Data section section start
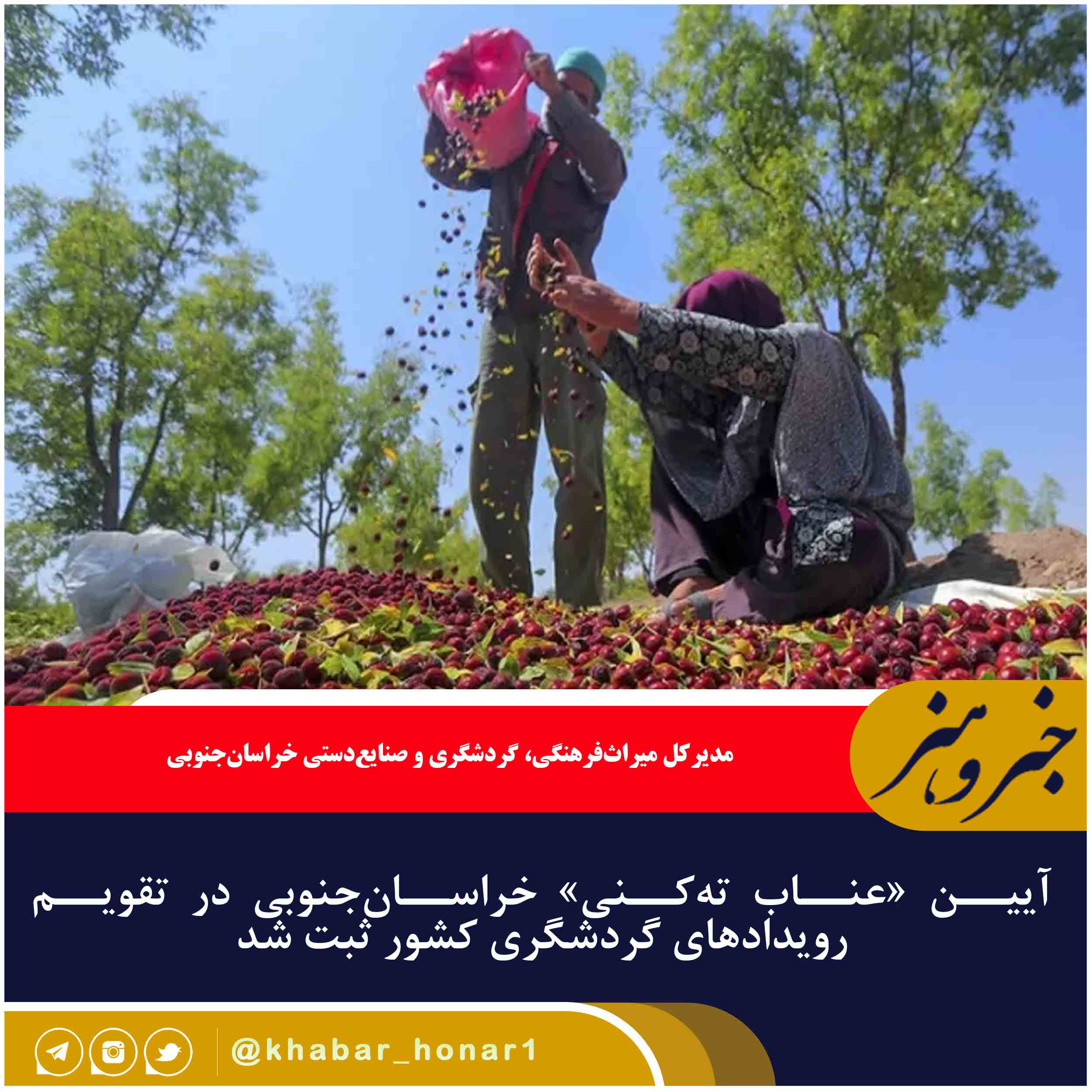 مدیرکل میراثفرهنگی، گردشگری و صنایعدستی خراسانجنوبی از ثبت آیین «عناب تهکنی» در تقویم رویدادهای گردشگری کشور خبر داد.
Data section section end
Data section section start
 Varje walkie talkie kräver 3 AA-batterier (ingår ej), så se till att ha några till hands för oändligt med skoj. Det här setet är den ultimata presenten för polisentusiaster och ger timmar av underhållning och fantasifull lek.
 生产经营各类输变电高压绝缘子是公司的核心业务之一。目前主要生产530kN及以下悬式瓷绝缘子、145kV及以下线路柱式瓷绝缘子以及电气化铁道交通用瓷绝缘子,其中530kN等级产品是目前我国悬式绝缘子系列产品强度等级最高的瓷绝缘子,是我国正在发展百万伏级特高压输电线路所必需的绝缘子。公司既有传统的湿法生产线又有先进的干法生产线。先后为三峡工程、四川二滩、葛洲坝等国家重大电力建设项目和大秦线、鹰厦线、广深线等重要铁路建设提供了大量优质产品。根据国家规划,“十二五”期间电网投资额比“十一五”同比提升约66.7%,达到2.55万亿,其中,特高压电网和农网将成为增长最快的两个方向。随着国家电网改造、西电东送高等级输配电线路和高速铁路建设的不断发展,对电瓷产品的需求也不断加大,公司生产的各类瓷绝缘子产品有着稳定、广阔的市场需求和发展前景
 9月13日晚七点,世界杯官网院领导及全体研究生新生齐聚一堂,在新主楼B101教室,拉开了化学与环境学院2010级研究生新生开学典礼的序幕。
Data section section end
» **Activity**: Output, from the data above, the lines from the line with "生产经营各类输变电高压绝缘子" to the line with "9月13日晚七点,世界杯官网" exactly as they stand, both ends included and nothing else.

» **Exercise output**:
 生产经营各类输变电高压绝缘子是公司的核心业务之一。目前主要生产530kN及以下悬式瓷绝缘子、145kV及以下线路柱式瓷绝缘子以及电气化铁道交通用瓷绝缘子,其中530kN等级产品是目前我国悬式绝缘子系列产品强度等级最高的瓷绝缘子,是我国正在发展百万伏级特高压输电线路所必需的绝缘子。公司既有传统的湿法生产线又有先进的干法生产线。先后为三峡工程、四川二滩、葛洲坝等国家重大电力建设项目和大秦线、鹰厦线、广深线等重要铁路建设提供了大量优质产品。根据国家规划,“十二五”期间电网投资额比“十一五”同比提升约66.7%,达到2.55万亿,其中,特高压电网和农网将成为增长最快的两个方向。随着国家电网改造、西电东送高等级输配电线路和高速铁路建设的不断发展,对电瓷产品的需求也不断加大,公司生产的各类瓷绝缘子产品有着稳定、广阔的市场需求和发展前景
 9月13日晚七点,世界杯官网院领导及全体研究生新生齐聚一堂,在新主楼B101教室,拉开了化学与环境学院2010级研究生新生开学典礼的序幕。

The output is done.